§ PROBLEM: Transcribe word for word each line from the one containing "YUV 179.661,-3.284,-113.713 Color" to the final line of the data, both included. Skip the pictures.

Records from a data source

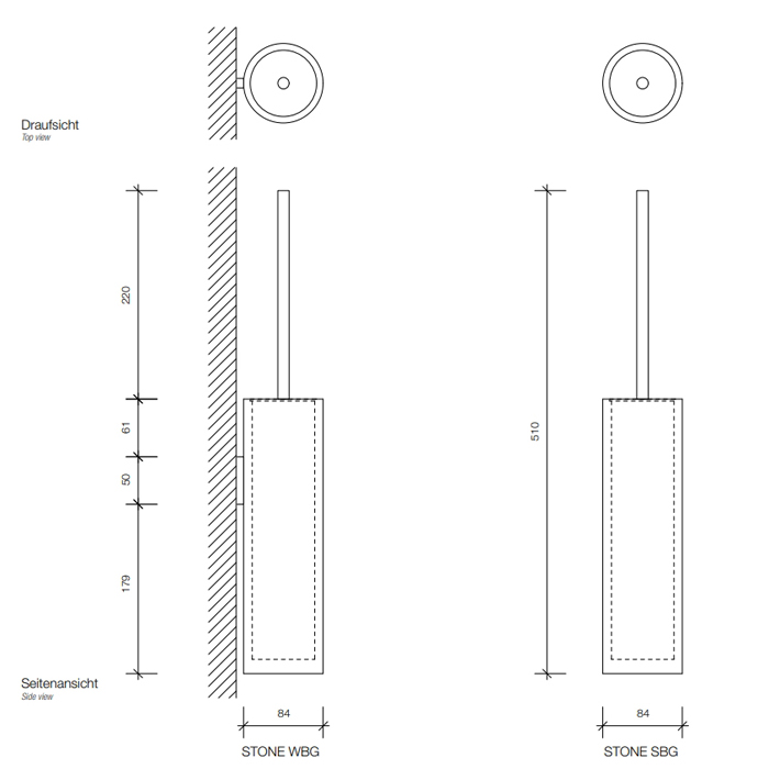 —Decor Walther Stone SBG Туалетный ершик, напольный, цвет: белый / сталь матовая
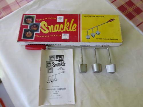 OLD DOUGH SNACKLE IRON - THREE - IN - ONE SNACKLE - 340 MM LONG IN ORIGINAL BOX AND INSTRUCTION
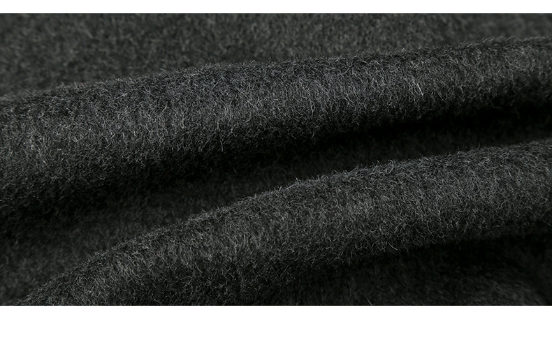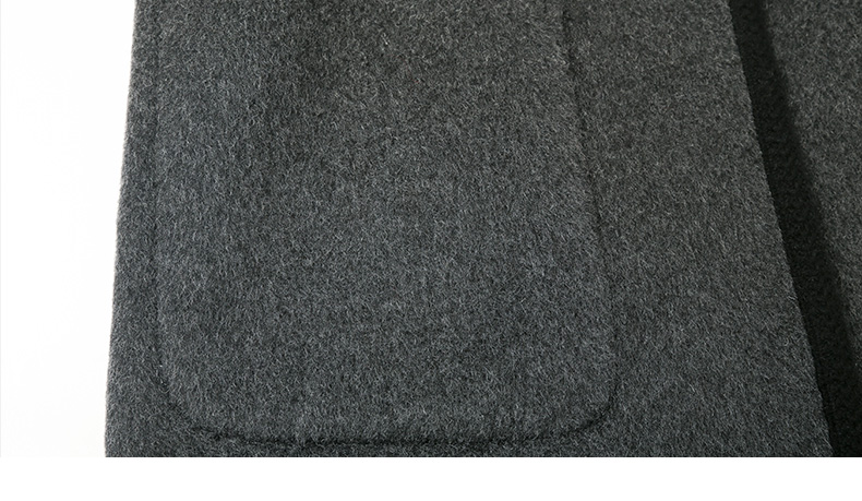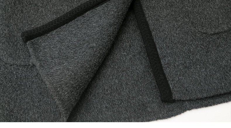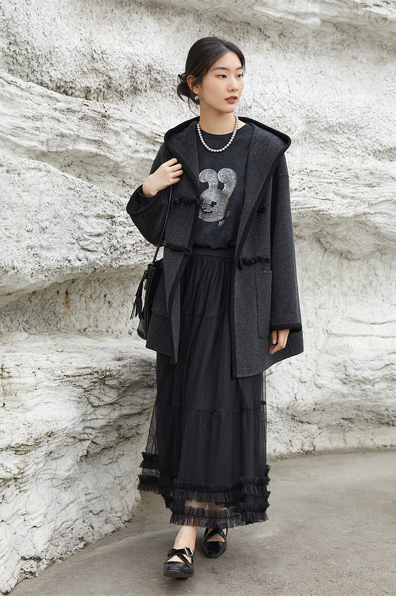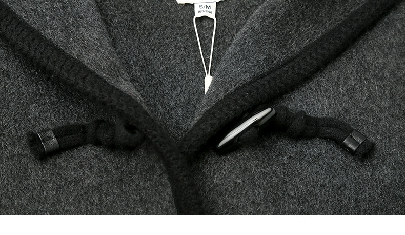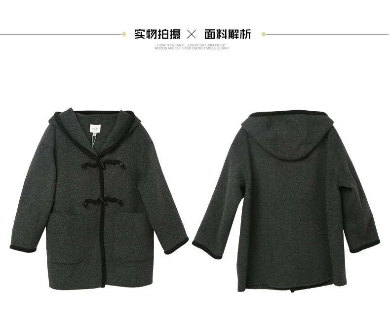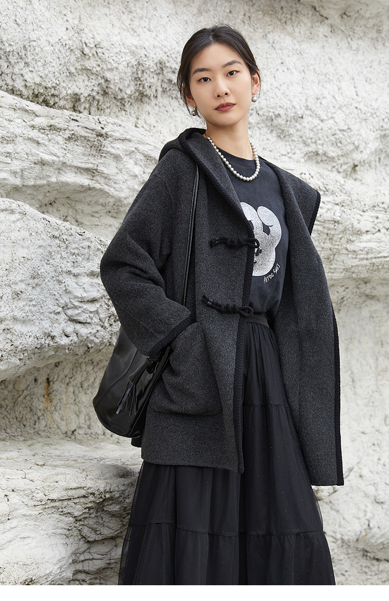 2025 秋冬深灰色连帽牛角扣毛呢大衣女 撞色包边宽松中长款休闲学院风保暖呢子外套
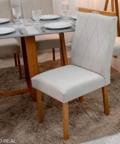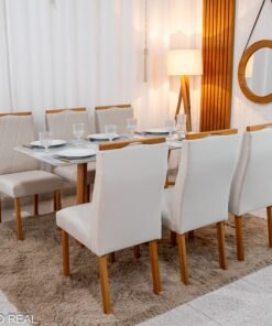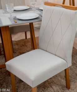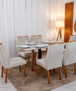 3{%%}Descrição{%%}Mesa de Jantar Pedro 160×80 Vidro Off/Base Madeira + 6 Cad. Lisboa Veludo Bege 512 Madeira Art Assento – Entregue Montada
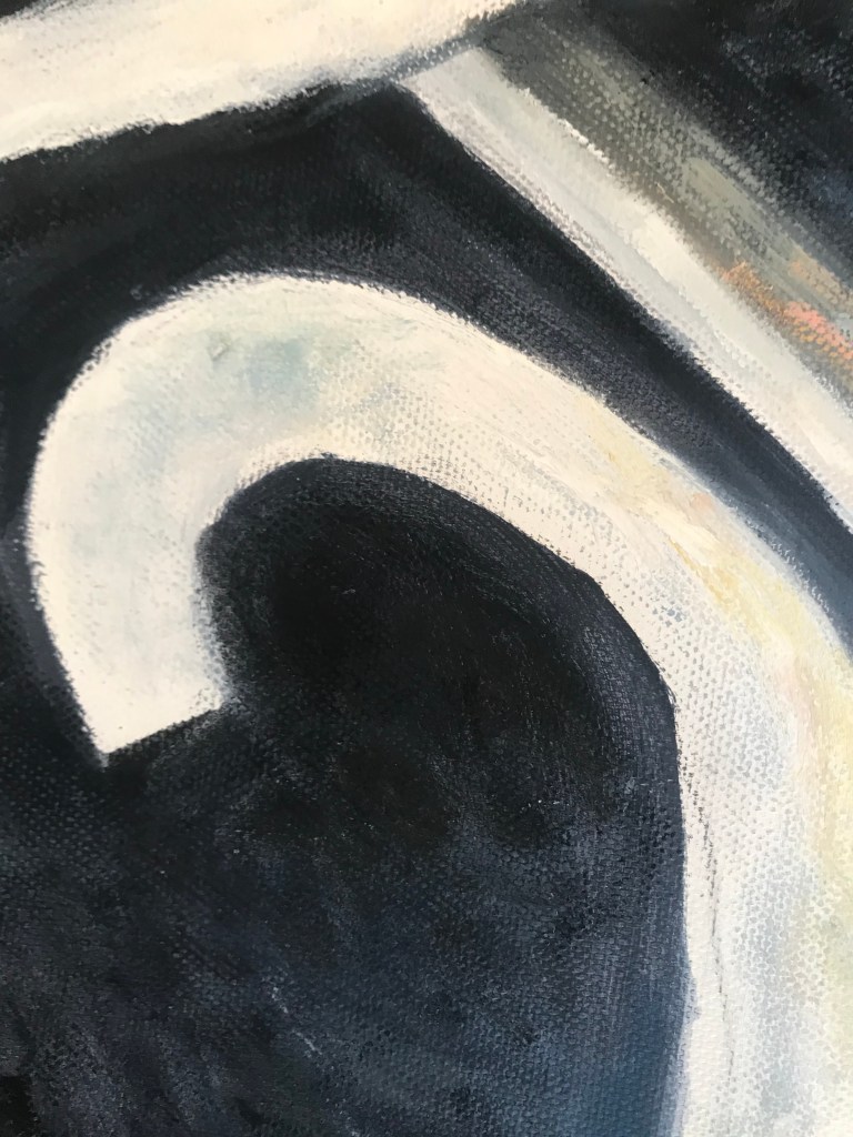 To the painting, a little obviously titled, “At the hospital”. Hospitals are not the most aesthetically pleasing places, but hospitals are aesthetically interesting. Ultimately utilitarian spaces – a higglty-pigoty , hotch-potch amalgam of buildings, walkways, signage and carparks which have evolved overtime and generations to meet community needs (when alignment with funding allows). I’ve noticed most hospitals are like this, bustling with activity and bursting at the seams. St Vinnies in Sydney is like that and my dad says the hospital in London where he trained as a lab technician in the 60’s was the same.
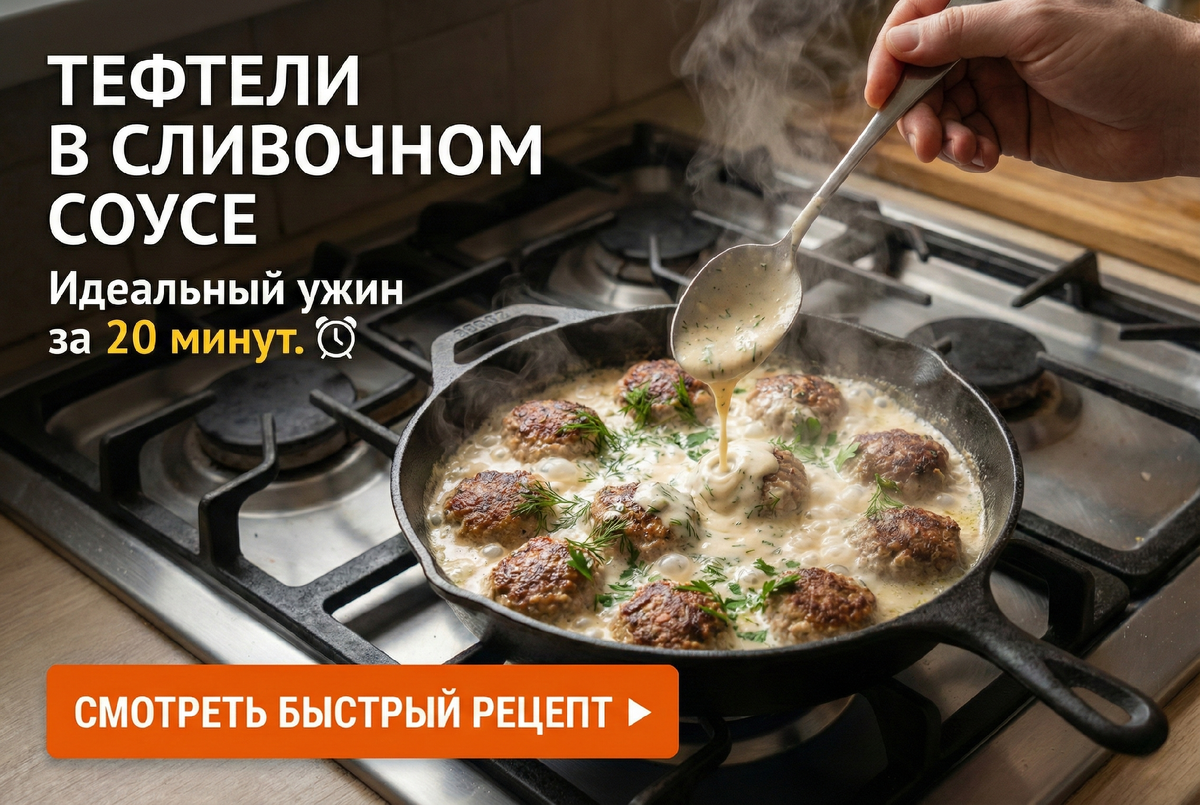 Вы приходите с работы, уставшие и голодные. Доставка едет час. В холодильнике только фарш. Что делать? Многие боятся браться за тефтели, думая, что это долго: «крутить, обжаривать, потом запекать в духовке 40 минут...». Забудьте. Сегодня мы приготовим экспресс-тефтели на одной сковороде. Без духовки, без горы грязной посуды и всего за 20 минут. Секрет этого блюда — в сливочной бане. Мясо не запекается до сухости, а томится в густом соусе, впитывая сливочный вкус и становясь невероятно нежным. Готовы? Засекайте время! 1. Секрет скорости: Размер имеет значение Чтобы уложиться в 20 минут, нужно изменить подход к формированию. Классические тефтели: Размер с теннисный мяч. Готовятся долго, внутри могут остаться сырыми. Наши экспресс-тефтели: Размер с грецкий орех (или чуть больше).
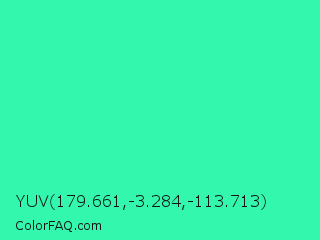 YUV 179.661,-3.284,-113.713 Color is a normal green color and the nearest color is Eucalyptus #44d7a8. Hex code #32f7ad and RGB value is rgb(50,247,173). In RGB color space, this color is composed of 20% red, 97% green, 68% blue, In CMYK color space, this color is composed of 80% cyan, 0% magenta, 30% yellow , 3% black , In HSL color space, this color has a hue angle of 157° , 92% saturation and 58% lightness.
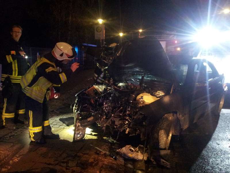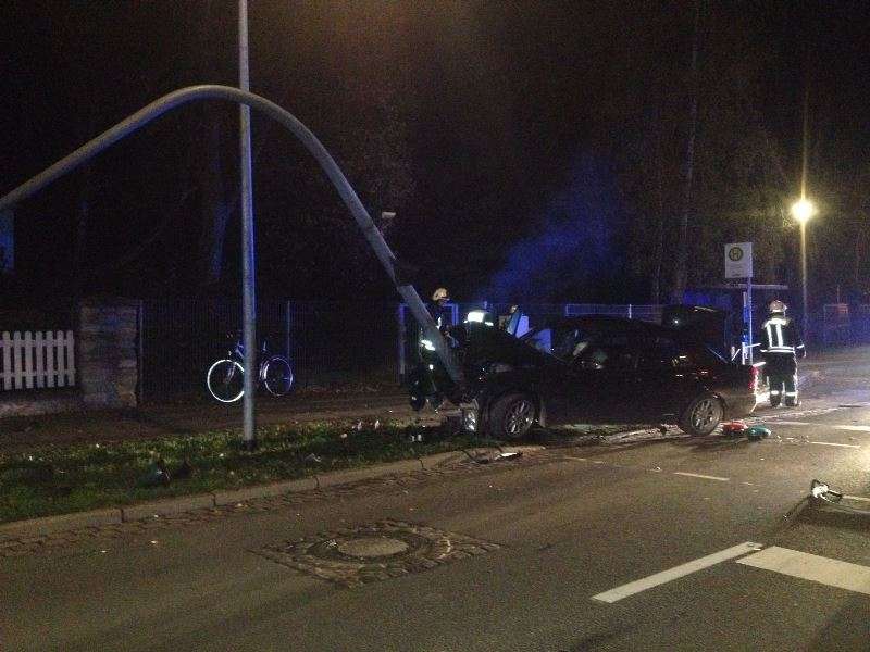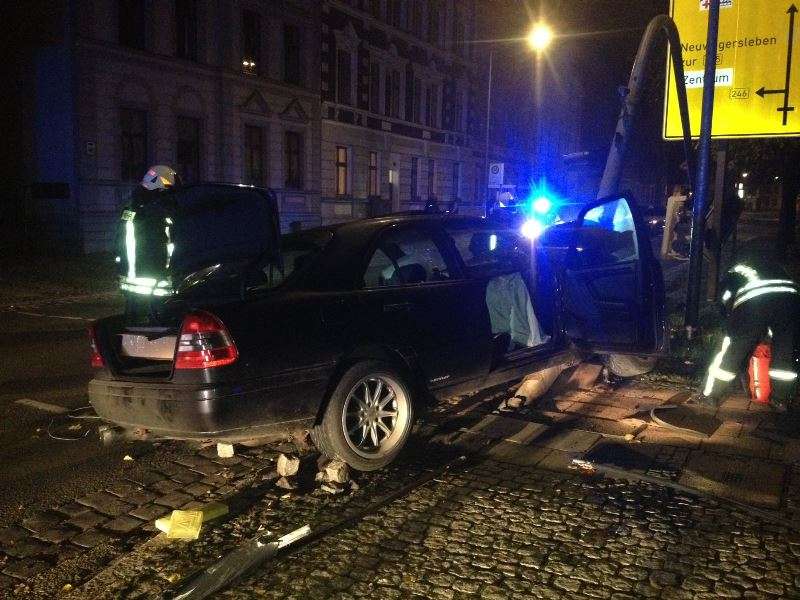 Aus noch unbekannter Ursache fuhr ein PKW mit 2 Insassen erst in ein Straßengeländer und stieß dann frontal gegen einen Ampelmast. Die Ampel wurde hierbei völlig zerstört. Sofort wurde eine Löschbereitschaft vom Tanklöschfahrzeug aus aufgebaut. Die beiden PKW - Insassen wurden zur ambulanten Versorgung, von einem Rettungswagen ins Krankenhaus verbracht. Über den Bereitschaftsdienst der Stadt Oschersleben wurde ein Elektriker zur Einsatzstelle gebracht, der die Ampelanlage stromlos schaltete. Ein kleiner Schwelbrand im zerstörten Motorbereich des Unfallfahrzeuges, konnte von der Feuerwehr zügig gelöscht werden. Während der Bergungsmaßnahmen wurden auslaufende Betriebsstoffe abgestreut und aufgenommen. Auch das zerstörte Geländer und die Ampel wurden von den Kräften der Feuerwehr gesichert.

§ WRITTEN REPLY:
 YUV 179.661,-3.284,-113.713 Color is a normal green color and the nearest color is Eucalyptus #44d7a8. Hex code #32f7ad and RGB value is rgb(50,247,173). In RGB color space, this color is composed of 20% red, 97% green, 68% blue, In CMYK color space, this color is composed of 80% cyan, 0% magenta, 30% yellow , 3% black , In HSL color space, this color has a hue angle of 157° , 92% saturation and 58% lightness.
 Aus noch unbekannter Ursache fuhr ein PKW mit 2 Insassen erst in ein Straßengeländer und stieß dann frontal gegen einen Ampelmast. Die Ampel wurde hierbei völlig zerstört. Sofort wurde eine Löschbereitschaft vom Tanklöschfahrzeug aus aufgebaut. Die beiden PKW - Insassen wurden zur ambulanten Versorgung, von einem Rettungswagen ins Krankenhaus verbracht. Über den Bereitschaftsdienst der Stadt Oschersleben wurde ein Elektriker zur Einsatzstelle gebracht, der die Ampelanlage stromlos schaltete. Ein kleiner Schwelbrand im zerstörten Motorbereich des Unfallfahrzeuges, konnte von der Feuerwehr zügig gelöscht werden. Während der Bergungsmaßnahmen wurden auslaufende Betriebsstoffe abgestreut und aufgenommen. Auch das zerstörte Geländer und die Ampel wurden von den Kräften der Feuerwehr gesichert.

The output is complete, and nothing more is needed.